O'Connor v. State Board of Parole

Hill, P. J. (concurring).

The Correction Law, as construed by the courts, is the source of the powers of the Board of Parole. ‘ ‘ The action of the board of parole in releasing prisoners shall be deemed a judicial function and shall not be. reviewable if done according to law ” (Correction Law, § 212). Concerning the reasons for release, it is indicated that a prisoner is not to be released as a reward for good conduct or the efficient performance' of duties, “ but only if the board, of parole is of opinion that there is reasonable probability that, if such prisoner is released, he will live and remain at liberty without violating the law, and that his release is not incompatible with the welfare of society ” (§ 213). Petitioner-respondent has-been several times charged with criminal conduct in connection with efforts to obtain Civil Service positions for proteges and students. He was convicted on such charge by his plea of guilty on June 28, 1940, committed to Sing Sing Prison on July 1, 1940, under an indeterminate sentence of not less than, two nor more than four years. He became eligible for parole on October 30, 1941. On September 16, 1941, the Parole Board refused to grant parole and decided that he should serve his maximum term, less compensation. On December 30, 1940, seven months after he entered prison, and nine months before he was eligible for parole, Commissioner Bates of the Board of Parole wrote the other members concerning the petitioner: “ Anybody who has ever had anything to do with the difficulties of administering public service can have nothing but contempt for this individual who made money by promising people Civil *99Service jobs, who boasted that he had all the answers, and in addition to that, took money to * bribe ’ public officials. He modestly admits that as to the Civil Service Institute, ‘ I was the school.’ * * * This was a bare-faced and deliberate attempt to pollute the Civil Service on a wholesale basis. Teaching hundreds of men and women how to trick their way into public service, even to inducing them to believe that a bribe was necessary to get appointed. I would be glad to vote to hold this man for M. L. C. (Maximum less Compensation).”
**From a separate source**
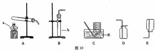 (2)写出一个实验室制取氧气的化学方程式 ,根据该反应原理,可选择图10中 (填标号,下同)与 组装一套制取氧气的装置。

It was within the province of the judge who received the plea of guilty to determine the length of the sentence. Thereunder petitioner was eligible to parole after service of sixteen months. It was then the duty of the Parole Board to parole him if in their opinion there was reasonable probability that he would live and remain at liberty without violating the law, and that his release would not be incompatible with the welfare of society. It might seem that a commissioner was not acting in accordance with section 213 of the Correction Law earlier quoted, who determined because of the nature of the crime that petitioner might not be paroled at any time until the full term had been served less statutory compensation ”. However, our court of last resort has said: “ There are no statutory limitations upon the power of the Board upon due consideration of such matters, in its absolute discretion to refuse to release any prisoner upon parole.” (Matter of Hines v. State Board of Parole, 293 N. Y. 254, 258.) In an earlier part of the opinion it is stated: “ The Board is to consider the prisoner’s attitude towards society, towards the judge who sentenced him, towards the district attorney who convicted him and towards the policeman who arrested him and how the prisoner regards the crime for which he is imprisoned and his previous criminal career.”

Recognizing the power of the court to construe the Correction Law, I concur for reversal.

Heffernan, Brewster and Lawrence, JJ., concur with Foster, J.; Hill, P. J., concurs in a separate memorandum.

Order appealed from reversed on the law and facts, without costs, and petitioner remanded to custody.